Study authors Lila J Finney Rutten (Mayo Clinic in Rochester, USA) and colleagues state health literacy is the “the degree to which individuals have the capacity to obtain, process and understand basic health information and services needed to make appropriate health decisions”. Previous studies have suggested that low health literacy among patients with heart failure could be associated with a higher risk of mortality, hospitalisations and emergency department visits, but results have been inconsistent. Therefore, Finney Rutten et al sought to determine the effect of health literacy on mortality, while adjusting for important potential confounders, on hospitalisations and emergency department visits among heart failure patients; the first meta-analysis of its kind.

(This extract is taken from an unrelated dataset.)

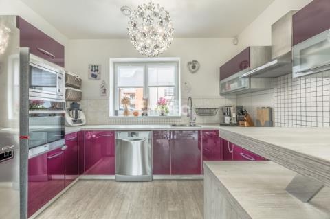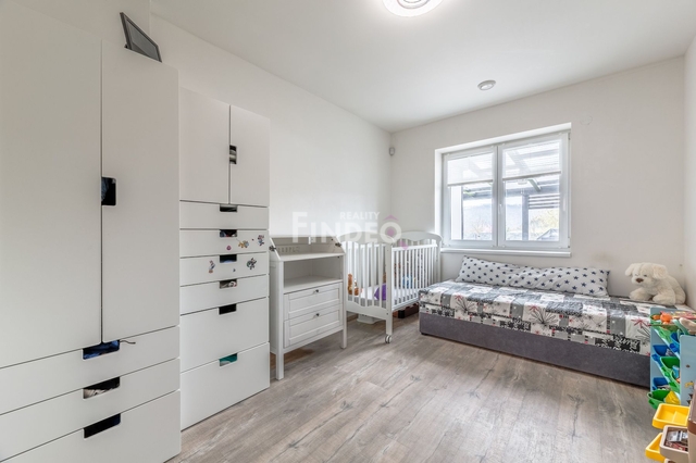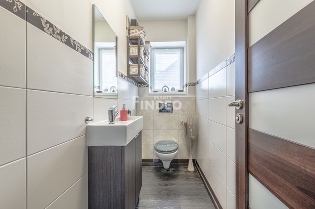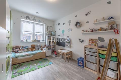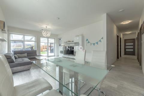 Dominantou domu je světlý a prostorný obývací pokoj s přímým vstupem na terasu a do zahrady. Kuchyňský kout je od obývací části opticky oddělen jídelnou a barem a je zde k dispozici velká kuchyňská linka se všemi vestavěnými spotřebiči. V domě se dále nachází ložnice rodičů, dva dětské pokoje, technická místnost, v které je prostor i na případnou pracovnu. V případě, že by někomu chyběl pokoj, je možné technickou místnost přestavět na další pokoj, což měli současní majitelé v plánu. Praktická dispozice poskytuje dostatek soukromí rodičům i dětem.V domě je dále k dispozici prostorná koupelna se sprchovým koutem a vanou, samostatné WC, předsíň a chodba. V technické místnosti a předsíni jsou k dispozici velice prostorné vestavěné skříně.

They, with the assistance of a medical librarian, conducted a systematic review across EMBASE, MEDLINE, PsycInfo and EBSCO CINAHL databases from inception to 1 January 2019. Both observational and interventional studies evaluated the impact of health literacy among patients 18 years or older with heart failure on mortality, hospitalisations and emergency department visits for all causes. Interventional studies evaluated interventions among patients with heart failure who had low health literacy. Among the observational studies, 9,171 heart failure patients were included, of which 2,207 (24%) had inadequate or marginal health literacy.

In the studies reviewed, health literacy was assessed using objective or subjective measures—objective health literacy measurement tools evaluate how much the patient comprehends medical information and subjective measurement tools evaluate how much the patients think they understand.

The authors found that low health literacy was associated with higher unadjusted risk for mortality (relative risk [RR]: 1.67, 95% confidence interval [CI]: 1.18, 2.36), hospitalisations and emergency department visits. In adjusted analyses, low health literacy remained statistically associated with mortality and hospitalisations, but no correlation was found for emergency department visits. Among the four interventional studies, two effectively improved outcomes for heart failure patients with low health literacy.

Finney Rutten comments: “Our findings showed that an inadequate level of health literacy is associated with increased risks in mortality and hospitalisation among patients with heart failure. Identifying health literacy as a factor that affects health outcomes and measuring its effect on patients with heart failure is essential to allocate more resources for, and research on, interventions to improve health literacy.”